ZFS read performance disparity between clone and parent
Nathan Weeks
weeks at iastate.edu
Wed May 13 18:54:23 UTC 2015
While troubleshooting performance disparities between development and
production jails hosting PostgreSQL instances, I noticed (with the help of
dtruss) that the 8k read() performance in the production jail was an order of
magnitude worse than the read() performance in the development jail. As the
ZFS file system hosting the production jail was cloned from a snapshot of the
development jail, and had not been modified, this didn't make sense to me.
Using "dd" command with an 8k block size to emulate the PostgreSQL read()
size, I observed a large performance difference between reading one of the
large (1G) underlying postgres database files in the development jail's file
system vs. the corresponding file in the cloned file system:
# dd if=/jails/dev/usr/local/pgsql/data/base/16399/16436 of=/dev/null bs=8192
131072+0 records in
131072+0 records out
1073741824 bytes transferred in 4.198993 secs (255714128 bytes/sec)
# dd if=/jails/prod/usr/local/pgsql/data/base/16399/16436 of=/dev/null bs=8192
131072+0 records in
131072+0 records out
1073741824 bytes transferred in 17.314135 secs (62015331 bytes/sec)
# ls -l /jails/dev/usr/local/pgsql/data/base/16399/16436
/jails/prod/usr/local/pgsql/data/base/16399/16436
-rw------- 1 70 70 1073741824 Feb 5 16:41
/jails/dev/usr/local/pgsql/data/base/16399/16436
-rw------- 1 70 70 1073741824 Feb 5 16:41
/jails/prod/usr/local/pgsql/data/base/16399/16436
I repeated this exercise several times to verify the read performance
difference. Interestingly, prefixing the "dd" command with "/usr/bin/time -l"

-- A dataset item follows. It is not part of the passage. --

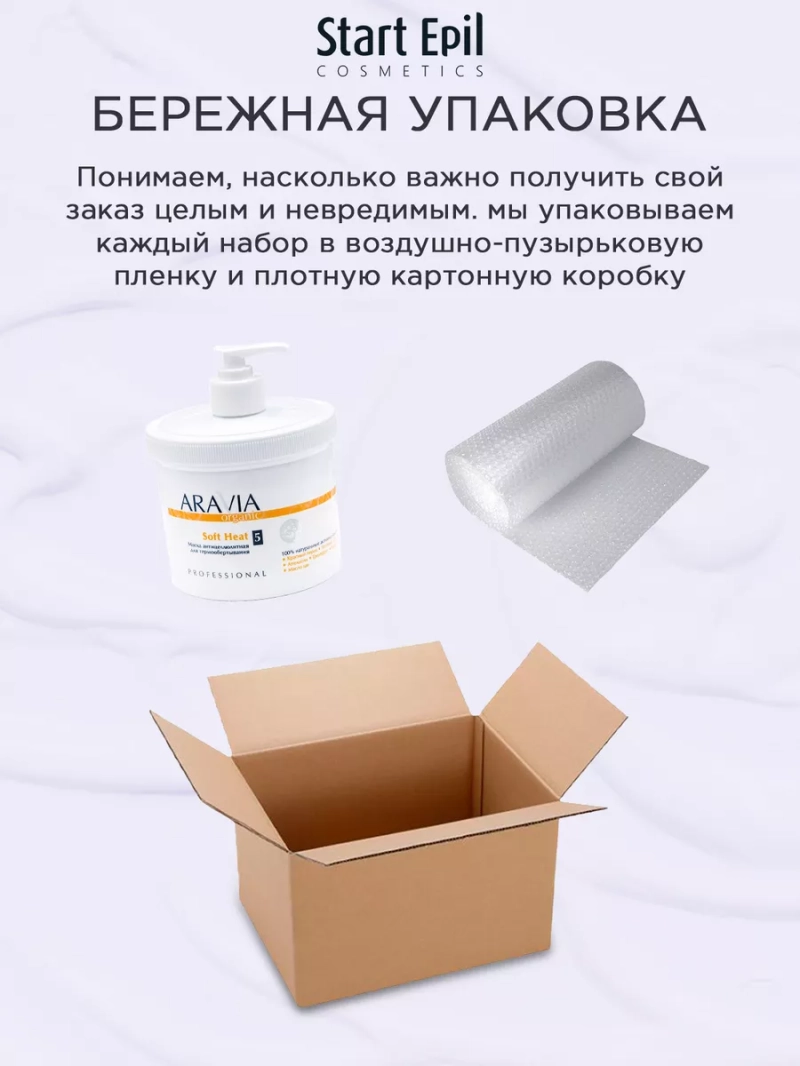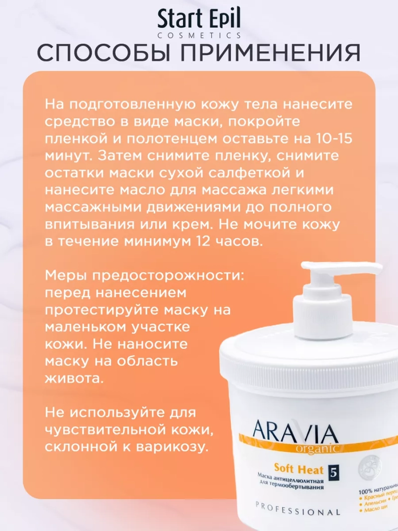МАСКА АНТИЦЕЛЛЮЛИТНАЯ ДЛЯ ТЕРМООБЕРТЫВАНИЯ SOFT HEAT, 550 МЛ. Антицеллюлитная маска для кожи тела с мягким термоактивным эффектом. Высокоактивный натуральный комплекс органических экстрактов растений ускоряет обменные процессы, выводит токсины и избыточную жидкость, позволяет значительно уменьшить проявления целлюлита. Насыщает кожу минералами и витаминами, оказывает укрепляющее и подтягивающее действие. Назначение: ускорение обменных процессов, выведение токсинов и избыточной жидкости. Рекомендации для использования: Профессиональный уход: процедура обертывания. ДЕЙСТВИЕ: антицеллюлитное, жиросжигающее, укрепляющее, подтягивающее. Биоактивный состав: красный перец, зелёный чай, имбирь, апельсин, грейпфрут, витамины А и Е, масло ши, кофеин, ментол. Состав продукта (INCI): Aqua, Glycerin, Caprylic/Capric Triglyceride, Cetearyl Alcohol, Potassium Cetyl Phosphate, Butylorospermum Parkii (Shea Butter), Glyceryl Stearate, Ceteareth-20, Caffeine, Urea, Organic Lycium Barbarum Fruit Extract, Organic Camelia Sinensis Leaf Extract, Taraxacum Officinale (Dandelion) Extract, Hedera Helix (Ivy) Extract, Organic Citrus Grandis Extract, Organic Citrus Aurantium Dulcis Fruit Extract, Organic Zingiber Officinale (Ginger) Root Extract, Capsicum Annuum Extract, Parfum, Sodium Polyacrylate, ВНТ, Tocopheryl Acetate, Phenoxyethanol (and) Methylparaben (and) Ethylparaben, Propylparaben. СПОСОБ ПРИМЕНЕНИЯ: На подготовленную кожу тела нанесите средство в виде маски, покройте пленкой и полотенцем оставьте на 10-15 минут. Затем снимите пленку, снимите остатки маски сухой салфеткой и нанесите масло для массажа легкими массажными движениями до полного впитывания или крем. Не мочите кожу в течение минимум 12 часов. Меры предосторожности: перед нанесением протестируйте маску на маленьком участке кожи. Не наносите маску на область живота. Для достижения максимального результата рекомендуется сочетать уход с другими профессиональными средствами линии ARAVIA Organic.

revealed that in both cases, "block input operations" was 0, apparently
indicating that both files were being read from cache. In neither case did
"zpool iostat 1" show significant I/O being performed during the execution of
the "dd" command.
Has anyone else encountered a similar issue, and know of an
explanation/solution/better workaround? I had previously assumed that there
would be no performance difference between reading a file on a ZFS file system
and the corresponding file on a cloned file system when none of the data
blocks have changed (this is FreeBSD 9.3, so the "Single Copy ARC" feature
should apply). Dedup isn't being used on any file system.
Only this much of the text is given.